Poetry detection is crucial for preserving the artistic and structural integrity of verses, where line breaks carry semantic meaning.
Why Poetry Detection Matters
Poetry requires different handling than prose:
Line Breaks Each line must remain separate (not merged into paragraphs)
Visual Layout Centering and spacing are semantically meaningful
Hemistichs Two-part verses common in Arabic/Persian poetry
Word Density Poetry typically has more spacing than prose
Detection Strategy
The algorithm uses multiple coordinated heuristics:
// Internal detection algorithm (not exported)

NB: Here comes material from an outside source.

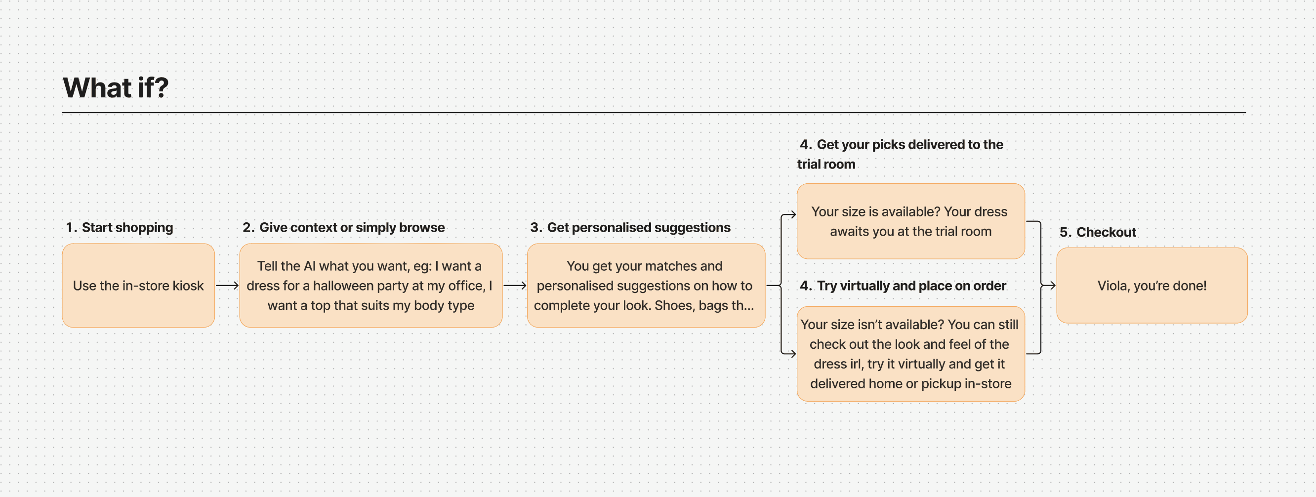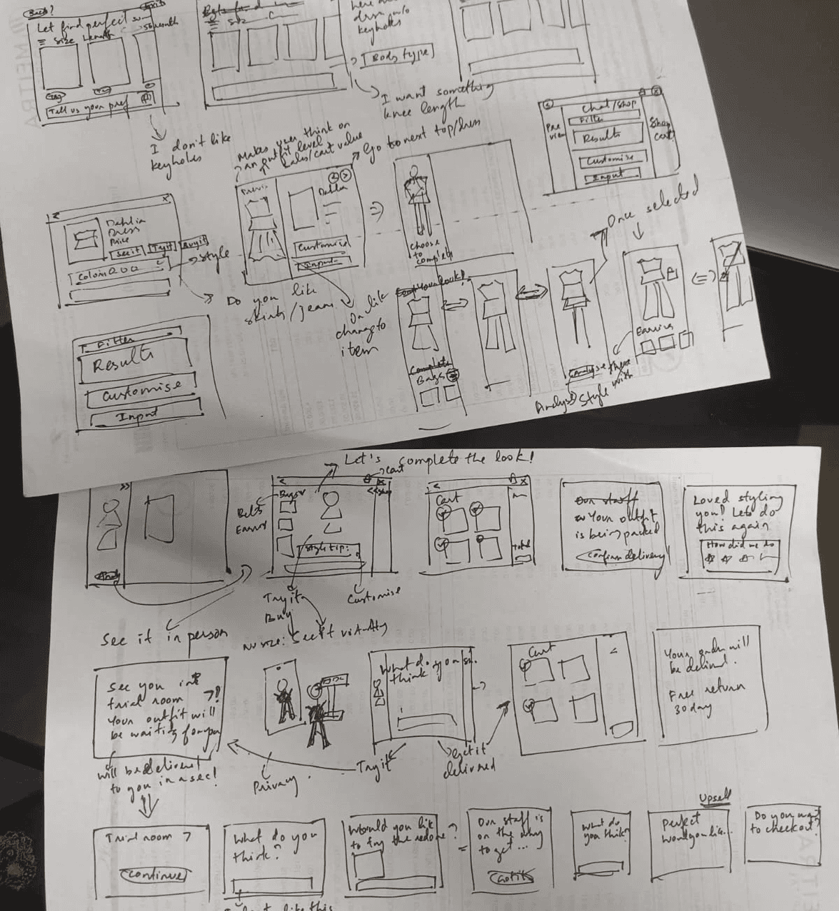 So here I am, trying to combine the best of both worlds with a self-serve smart shopping kiosk that acts as a personalized style companion. A mouthful to say, a bit ambitious in its implementation (virtual try ons, trial room delivery?) but helpful for sure probably mostly.

// Kokokor uses this logic internally within mapObservationsToTextLines
function detectPoetryInGroup (
group : Observation [],
imageWidth : number ,
avgProseWordDensity : number ,
options : PoetryDetectionOptions
) {
// Heuristic 1: Single wide poetic line
if ( group . length === 1 && minWidthRatioForMerged !== null ) {
return isWidePoeticLine (
group [ 0 ],
imageWidth ,
avgProseWordDensity ,
options
);
}
// Heuristic 2: Paired hemistichs
if ( group . length === 2 ) {
return isPoetryPair ( group [ 0 ], group [ 1 ], imageWidth , options );
}
return false ;
}
These algorithms are internal to Kokokor. Configure behavior via poetryDetectionOptions in mapObservationsToTextLines.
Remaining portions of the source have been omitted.